These wild AI-powered glasses can read your own lips
In 1993, Seinfeld based an entire episode on the perils of lipreading, culminating in George’s misinterpreting “sweeping together” for “sleeping together.” Outside of pop culture, the art of lipreading has fascinated psychologists, computer scientists, and forensic experts alike. In most cases, experiments have involved someone reading someone else’s lips—or in the case of lipreading programs like LipNet or Liopa, AI reading a human’s lips through a phone app. But a different kind of experiment is currently unfolding at Cornell’s Smart Computer Interfaces for Future Interactions (SciFi) Lab.
There, a team of scientists has devised a speech-recognition system that can identify up to 31 words in English. But EchoSpeech, as the system is called, isn’t an app—it’s a seemingly standard pair of eyeglasses. As outlined in a new white paper, the glasses (purchased off-the-shelf) can read the user’s very own lips and help those who can’t speak perform basic tasks like unlocking their phone, or asking Siri to crank up the TV volume without having to utter a single sound. It all looks like telekinesis, but the glasses—which are kitted out with two microphones, two movements. and a microcontroller so small they practically blend in—actually rely on sonar.
Over a thousand species use sonar to hunt and survive. Perhaps the most popular among them is the whale, which can send pulses of sound that bounce off objects in the water then bounce back so the mammal can process those echoes and build a mental picture of its environment, including the size and distance of objects around it.

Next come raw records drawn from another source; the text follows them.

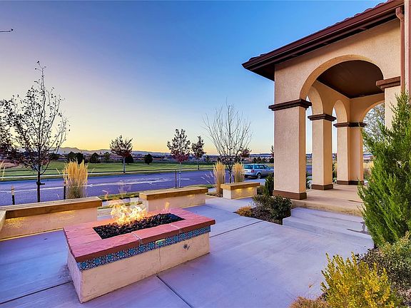 A truly ONE OF A KIND home in Banning Lewis Ranch. One of the few John Laing homes in the area. This is your opportunity to own a very special, custom home where no detail has been overlooked. This former model home was also featured in a past Parade of Homes. Custom patio areas, with ample seating, basketball hoop, custom lighting and landscaping, outdoor fireplace and gas fire pit. Within walking distance of the Ranch House and elementary school. The spacious kitchen is open to the living room and dining area with sliding glass doors opening to the outdoors. Finished basement including a bedroom, full bathroom and a family room featuring a wet bar. Breathtaking views. Corner lot, neighbors only on 2 sides. The Banning Lewis Ranch community includes a resort-style Ranch House, 24- hour fitness center, swimming pools, tennis courts, miles of walking trails, numerous parks including a splash park and dog park. Enjoy summer concerts, farmers markets, award winning schools.
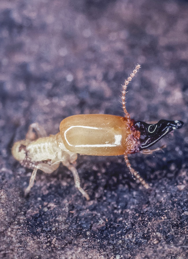 These guys are carrying moss, a much more nutricious food than dry wood. But like most termites, their guts have a riot of micro critters from protozoans, spirochetes and bacteria, that can break down all the super hard bits of plants, like cellulose and lignin. Note the dude, a soldier, in the upper right corner, whose head has a cute pointy bit. This is a species in the ‘nasute’ group, with this pointy siphon structure which shoots out a glue to immobilise and hassle attackers, especially the mortal enemies, the murderous ants. The soldiers guard the trails and the nest entrances, and do not carry food bits like the obedient regimented workers. Below a few other types of soldiers…
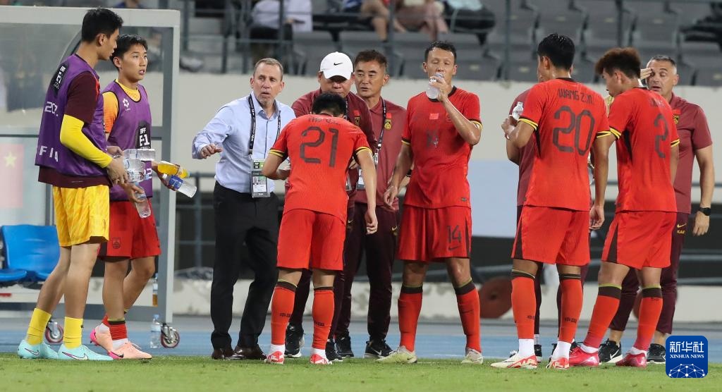 7月12日,中國隊代理主教練德揚·久爾杰維奇(左三)在場邊指導。
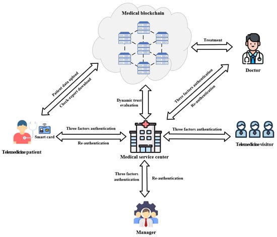 The overall architecture of this solution is shown in Figure 1. In this system, a Fabric consortium blockchain is adopted to implement the blockchain-based data-sharing platform. The uploading, querying, and updating of authentication information are achieved through the deployment of smart contracts. The medical service centers, medical sensors, etc., serve as participants to form a collaborative consortium of the blockchain network, leveraging the distributed ledger technology of blockchain to break the medical information silos. Entities interact with each other via secure communication protocols to jointly complete the identity authentication and management of telemedicine users, ensuring the security and integrity of information transmission. The proposed system model mainly includes the following types of entities:
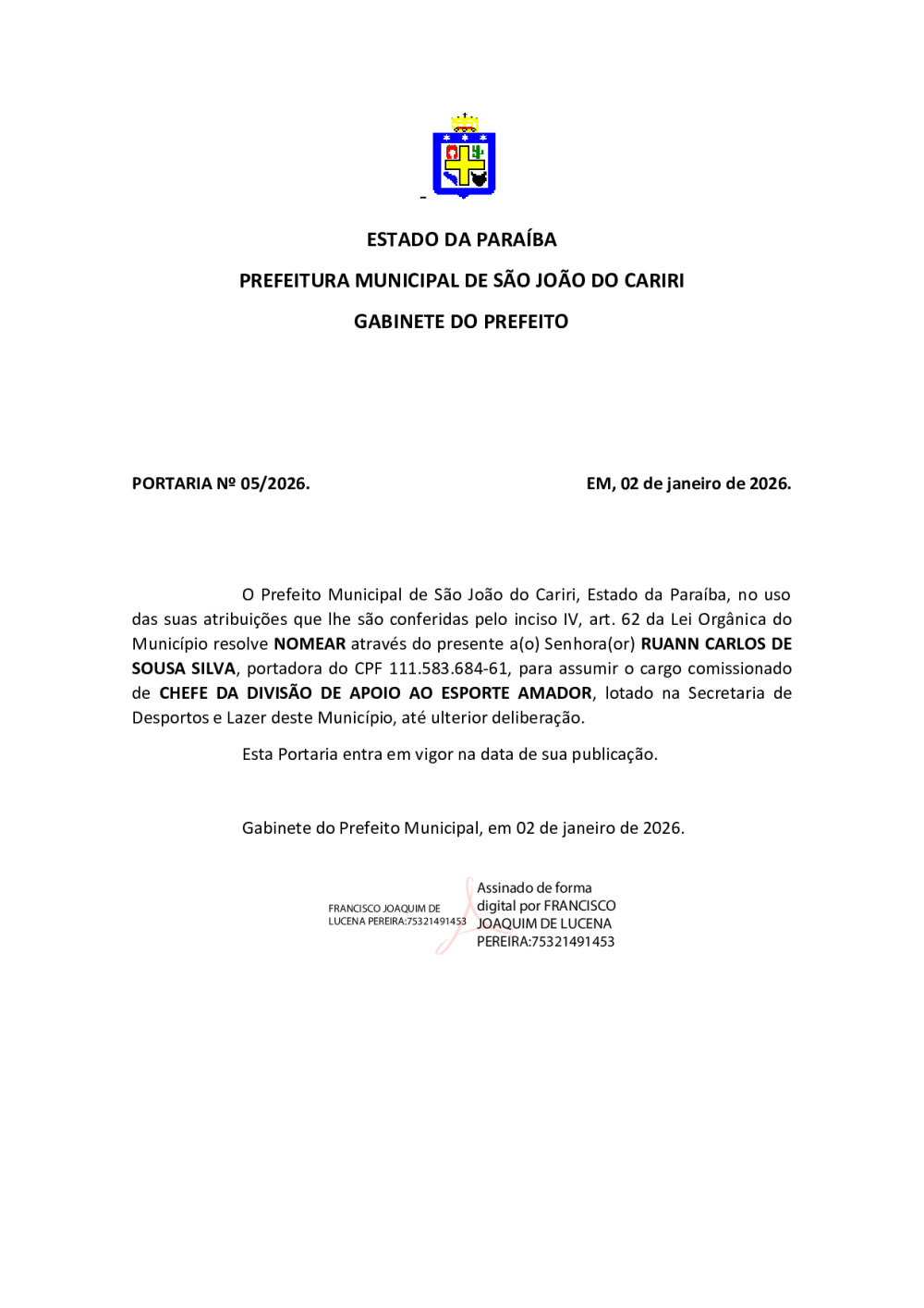 PORTARIA 05/2026 - RUANN CARLOS DE SOUSA SILVA
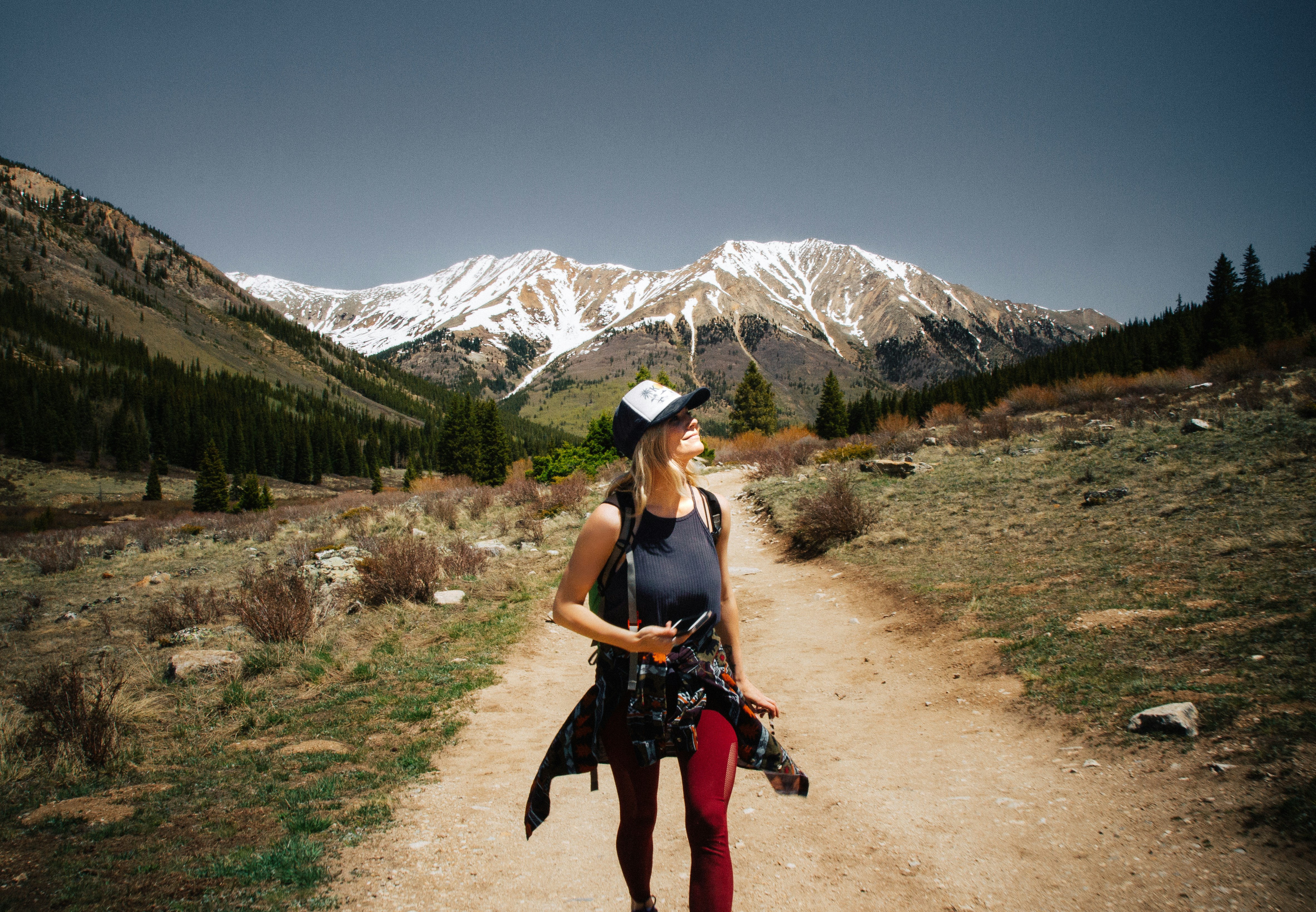 山,山脉,女人,女人,散步,帽子,阳光,冬天,小路,田径,道路,风景,雪,草,田野,小山,树木,林地,森林,微笑
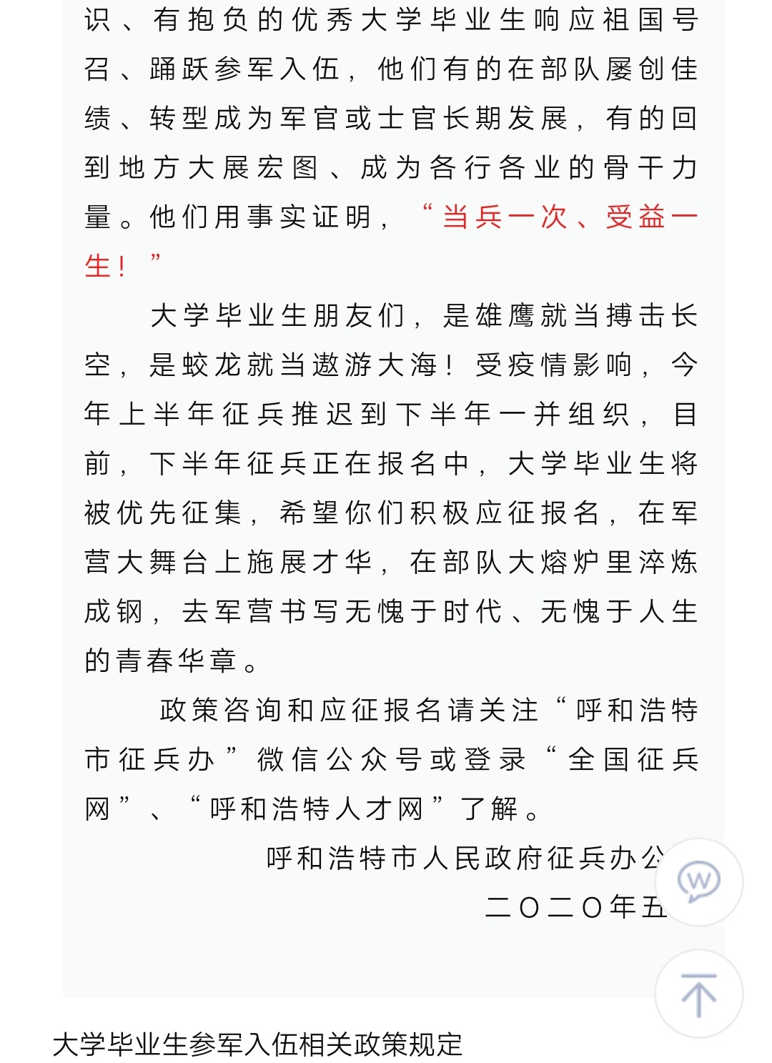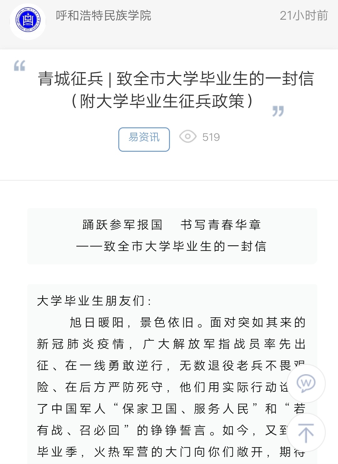 青城征兵 致全市大学毕业生的一封信(附大学毕业生征兵政策)
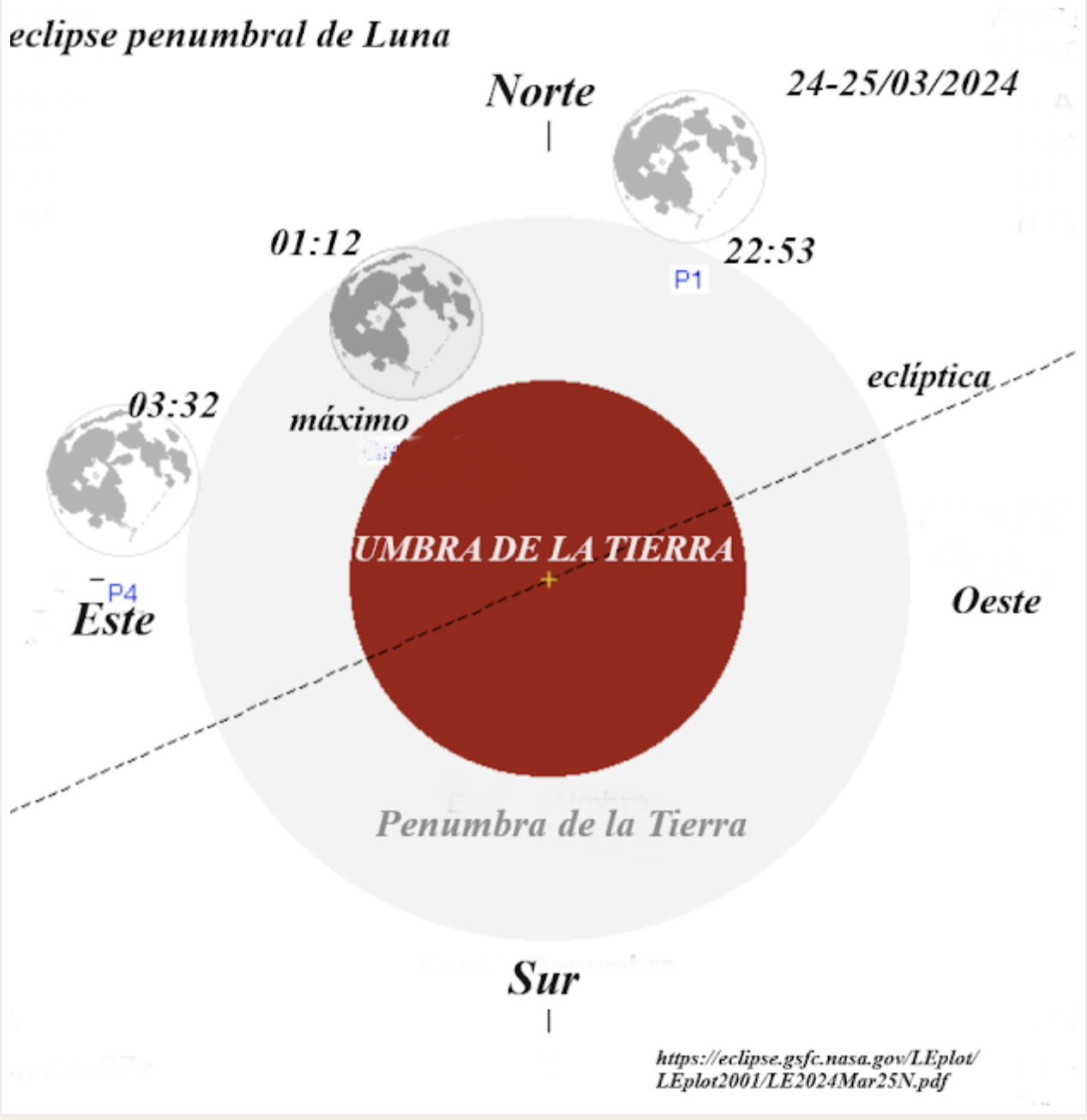 El 2024 nos dará otro Eclipse lunar el 17 de septiembre, en este caso un pequeño parcial. La Luna se meterá levemente en la umbra, la sombra oscura de la Tierra. Animación aquí.
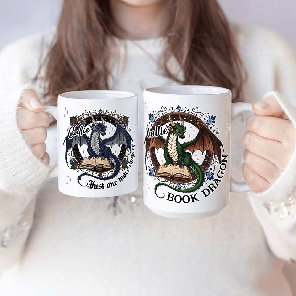 Choose from six mug colors and beautifully detailed Book Dragon artwork. Each design features a dragon curled atop stacked books, accented with vintage patterns, star-like speckles, and floral elements. Select one of two reader-favorite quotes—“Just One More Chapter” or “Book Dragon”—and add a custom name to create a truly one-of-a-kind mug made just for you.
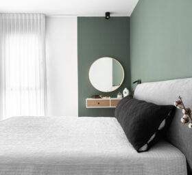 מלבד החלל הציבורי, הדיירים ביקשו להשקיע בעיצוב חדר השינה שלהם. החדר עוצב באווירה של בית מלון, והוא כולל מיטה מרופדת שמשני צדדיה יש שידות לילה ותאורת קיר. בנוסף, תוכננה פינת איפור מפנקת עם יחידת אחסון ותאורה מתכווננת. להשלמת המראה, שולבו בחדר פרטי טקסטיל נעימים

EchoSpeech works in a similar way, except the system doesn’t focus on distance. Instead, it tracks how sound waves (inaudible to the human ear) travel across setr face and how they hit various moving parts of it. The process can be summed up in four key steps. First, the little speakers (located on one side of the glasses) emit sound waves. As the wearer mouths various words, the sound waves travel across their face and hit various “articulators” like the lips, jaw, and cheeks. The mics (located on the other side of the glasses) then collect those sound waves, and the microcontroller processes them together with whatever device the glasses are paired with.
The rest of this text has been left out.